Under a final rule from NOAA Fisheries that went into effect on Jan. 1, Alabama’s private recreational anglers will see a 51% decrease in the 2023 red snapper quota to 558,200 pounds.
Bannon said the reason for the quota reduction is NOAA Fisheries is using a calibration factor to account for the differences in the red snapper harvest estimates between the federal and Alabama’s data collection programs.
Bannon notes that snapper fishing off the Alabama Gulf Coast has changed in the past decade. Under previous federal control, anglers only had days to fish. During the recent state-managed seasons determined by each state’s federal quota, anglers had much more leeway in deciding when to fish.
“The larger fish were targeted pretty heavily over the past several years,” he said. “Now what we’ll be seeing is a relatively normal fishing pattern of legal-sized fish (16 inches minimum total length) close to shore. The research done through the University of South Alabama and Dr. Sean Powers shows that recruitment is good, which means there are young fish coming up in the system and occupying those reefs.

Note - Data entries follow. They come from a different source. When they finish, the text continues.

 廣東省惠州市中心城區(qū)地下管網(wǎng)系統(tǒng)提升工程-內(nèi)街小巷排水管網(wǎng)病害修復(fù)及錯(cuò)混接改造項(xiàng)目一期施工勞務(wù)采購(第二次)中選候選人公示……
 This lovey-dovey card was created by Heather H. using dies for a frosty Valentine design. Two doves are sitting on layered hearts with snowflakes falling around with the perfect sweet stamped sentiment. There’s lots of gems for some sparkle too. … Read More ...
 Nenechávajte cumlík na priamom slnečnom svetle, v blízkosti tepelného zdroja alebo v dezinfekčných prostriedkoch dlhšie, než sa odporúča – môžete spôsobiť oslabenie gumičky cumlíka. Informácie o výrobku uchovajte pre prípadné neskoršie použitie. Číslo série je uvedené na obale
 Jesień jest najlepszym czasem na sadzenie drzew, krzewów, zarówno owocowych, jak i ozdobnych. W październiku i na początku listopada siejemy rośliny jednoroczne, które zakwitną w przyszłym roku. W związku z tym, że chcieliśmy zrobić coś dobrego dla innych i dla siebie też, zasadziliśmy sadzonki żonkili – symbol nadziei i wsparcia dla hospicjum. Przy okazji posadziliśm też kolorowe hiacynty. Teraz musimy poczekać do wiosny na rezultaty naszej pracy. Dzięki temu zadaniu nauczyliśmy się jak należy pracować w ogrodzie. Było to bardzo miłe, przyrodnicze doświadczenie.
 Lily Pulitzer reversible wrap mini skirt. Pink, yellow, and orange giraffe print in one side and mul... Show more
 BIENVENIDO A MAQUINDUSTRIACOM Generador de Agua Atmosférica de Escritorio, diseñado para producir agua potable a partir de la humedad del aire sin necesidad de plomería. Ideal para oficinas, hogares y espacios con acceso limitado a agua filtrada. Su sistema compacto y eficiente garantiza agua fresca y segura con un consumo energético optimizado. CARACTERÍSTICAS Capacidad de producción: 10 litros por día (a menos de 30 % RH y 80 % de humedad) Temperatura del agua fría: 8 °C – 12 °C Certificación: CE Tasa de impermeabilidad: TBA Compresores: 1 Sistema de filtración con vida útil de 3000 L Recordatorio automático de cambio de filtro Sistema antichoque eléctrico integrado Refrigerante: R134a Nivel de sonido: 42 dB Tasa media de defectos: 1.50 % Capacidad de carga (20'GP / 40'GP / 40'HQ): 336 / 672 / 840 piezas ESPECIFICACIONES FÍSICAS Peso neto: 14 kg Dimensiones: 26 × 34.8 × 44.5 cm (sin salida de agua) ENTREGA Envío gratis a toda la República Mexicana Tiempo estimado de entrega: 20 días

“We don’t look at where those big fish are. We look at the recruitment coming back into the system. We still see big fish, but they are more elusive because there are not as many of them close to shore.”

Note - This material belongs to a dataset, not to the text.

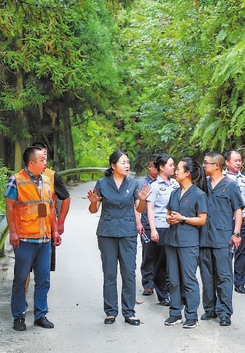 近日,重慶市黔江區(qū)人民法院干警前往黔江區(qū)馬喇國(guó)有林場(chǎng)管護(hù)站、護(hù)林點(diǎn),對(duì)森林防火卡口和護(hù)林站點(diǎn)人員值守、消防預(yù)警機(jī)制等開(kāi)展走訪調(diào)查,深入林區(qū)為農(nóng)戶宣講森林防火、森林生態(tài)環(huán)境保護(hù)等法律知識(shí),營(yíng)造全民共護(hù)森林的良好氛圍,筑牢武陵山區(qū)生態(tài)屏障。圖為干警在林區(qū)走訪調(diào)查。(本報(bào)記者 劉洋 本報(bào)通訊員 楊非 攝)
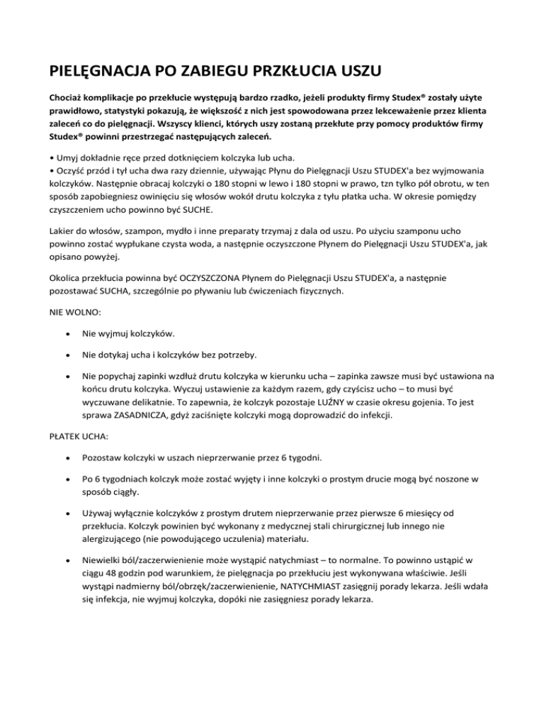 PIELĘGNACJA PO ZABIEGU PRZKŁUCIA USZU Chociaż komplikacje po przekłucie występują bardzo rzadko, jeżeli produkty firmy Studex® zostały użyte prawidłowo, statystyki pokazują, że większośd z nich jest spowodowana przez lekceważenie przez klienta zaleceo co do pielęgnacji. Wszyscy klienci, których uszy zostaną przekłute przy pomocy produktów firmy Studex® powinni przestrzegad następujących zaleceo. • Umyj dokładnie ręce przed dotknięciem kolczyka lub ucha. • Oczyśd przód i tył ucha dwa razy dziennie, używając Płynu do Pielęgnacji Uszu STUDEX'a bez wyjmowania kolczyków. Następnie obracaj kolczyki o 180 stopni w lewo i 180 stopni w prawo, tzn tylko pół obrotu, w ten sposób zapobiegniesz owinięciu się włosów wokół drutu kolczyka z tyłu płatka ucha. W okresie pomiędzy czyszczeniem ucho powinno byd SUCHE. Lakier do włosów, szampon, mydło i inne preparaty trzymaj z dala od uszu. Po użyciu szamponu ucho powinno zostad wypłukane czysta woda, a następnie oczyszczone Płynem do Pielęgnacji Uszu STUDEX'a, jak opisano powyżej. Okolica przekłucia powinna byd OCZYSZCZONA Płynem do Pielęgnacji Uszu STUDEX'a, a następnie pozostawad SUCHA, szczególnie po pływaniu lub dwiczeniach fizycznych. NIE WOLNO: Nie wyjmuj kolczyków. Nie dotykaj ucha i kolczyków bez potrzeby. Nie popychaj zapinki wzdłuż drutu kolczyka w kierunku ucha – zapinka zawsze musi byd ustawiona na koocu drutu kolczyka. Wyczuj ustawienie za każdym razem, gdy czyścisz ucho – to musi byd wyczuwane delikatnie. To zapewnia, że kolczyk pozostaje LUŹNY w czasie okresu gojenia. To jest sprawa ZASADNICZA, gdyż zaciśnięte kolczyki mogą doprowadzid do infekcji. PŁATEK UCHA: Pozostaw kolczyki w uszach nieprzerwanie przez 6 tygodni. Po 6 tygodniach kolczyk może zostad wyjęty i inne kolczyki o prostym drucie mogą byd noszone w sposób ciągły. Używaj wyłącznie kolczyków z prostym drutem nieprzerwanie przez pierwsze 6 miesięcy od przekłucia. Kolczyk powinien byd wykonany z medycznej stali chirurgicznej lub innego nie alergizującego (nie powodującego uczulenia) materiału. Niewielki ból/zaczerwienienie może wystąpid natychmiast – to normalne. To powinno ustąpid w ciągu 48 godzin pod warunkiem, że pielęgnacja po przekłuciu jest wykonywana właściwie. Jeśli wystąpi nadmierny ból/obrzęk/zaczerwienienie, NATYCHMIAST zasięgnij porady lekarza. Jeśli wdała się infekcja, nie wyjmuj kolczyka, dopóki nie zasięgniesz porady lekarza. CHRZĄSTKA UCHA: Pozostaw kolczyki w uszach nieprzerwanie przez 12 tygodni. Po 12 tygodniach kolczyk może zostad wyjęty i inne kolczyki z prostym drutem mogą byd noszone w sposób ciągły. Używaj wyłącznie kolczyków z prostym drutem, nieprzerwanie przez pierwsze 12 miesięcy od przekłucia. Kolczyk powinien byd wykonany z medycznej stali chirurgicznej lub innego nie alergizującego (nie powodującego uczulenia) materiału. Z powodu właściwości chrząstki ucha, szczególna dbałośd powinna byd zachowana w okresie gojenia. Niewielki ból/zaczerwienienie może wystąpid natychmiast – to normalne. To powinno ustąpid w ciągu 48 godzin pod warunkiem, że pielęgnacja po przekłuciu jest wykonywana właściwie. Jeśli wystąpi nadmierny ból/obrzęk/zaczerwienienie, NATYCHMIAST zasięgnij porady lekarza. Jeśli wdała się infekcja, nie wyjmuj kolczyka, dopóki nie zasięgniesz porady lekarza. WAŻNE: Zaniedbanie właściwego postępowania zgodnie z Instrukcją Pielęgnacji Uszu po Przekłuciu lub nie zasięgnięcie porady medycznej NATYCHMIAST gdy pojawi się problem, może spowodowad trwałe uszkodzenie chrząstki ucha.

Bannon said the traditional opening of private recreational red snapper season will again likely be the Friday before Memorial Day. That season will be based on the NOAA Fisheries calibration numbers, but Bannon hopes that will change at some point this year.

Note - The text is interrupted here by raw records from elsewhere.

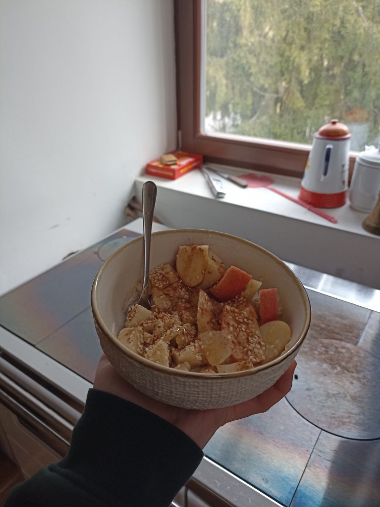TOREJ na dnu je seveda grški jogurt s cimetom, nato jabolko in banana s cimetom, še malo sezamovih semen (malo?) in med. njam. :D
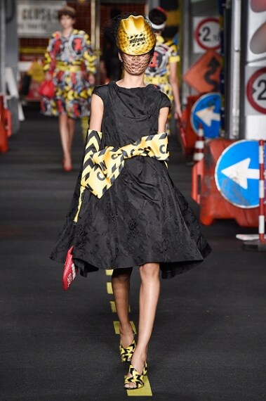 La passerella si trasforma in un cantiere stradale con tanto di segnaletica, coni arancioni e caschetti gialli. È l'effetto Moschino, che per la sua collezione ha voluto stupire tutti prendendo come ispirazione proprio i cantieri. Abiti e borse sono ricoperti da segnali stradali, i tubini sono profilati con tessuti catarinfrangenti. Outfit colorati e vivaci, tripudio di colori pop, frange, tutte e fluorescente rendono la collezione di Moschino divertente e frizzante.
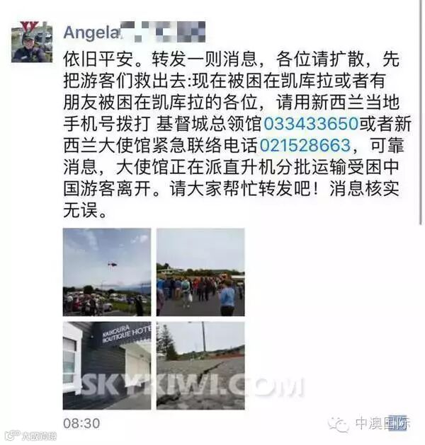 地震发生时,有超过100名中国游客被困于灾情较重的旅游胜地凯库拉小镇,

“We’ve submitted more information to NOAA Fisheries and will work through the Gulf of Mexico Fishery Management Council to potentially make changes to that calibration number that are more favorable to Alabama,” he said. “We will still have a productive season. I think people will have opportunities to fish if the weather is good.
“Of all the turmoil in the world, at the end of the day, fishing is still good in Alabama.”
David Rainer is an award-winning writer who has covered Alabama’s great outdoors for 25 years. The former outdoors editor at the Mobile Press-Register, he writes for Outdoor Alabama, the website of the Alabama Department of Conservation and Natural Resources.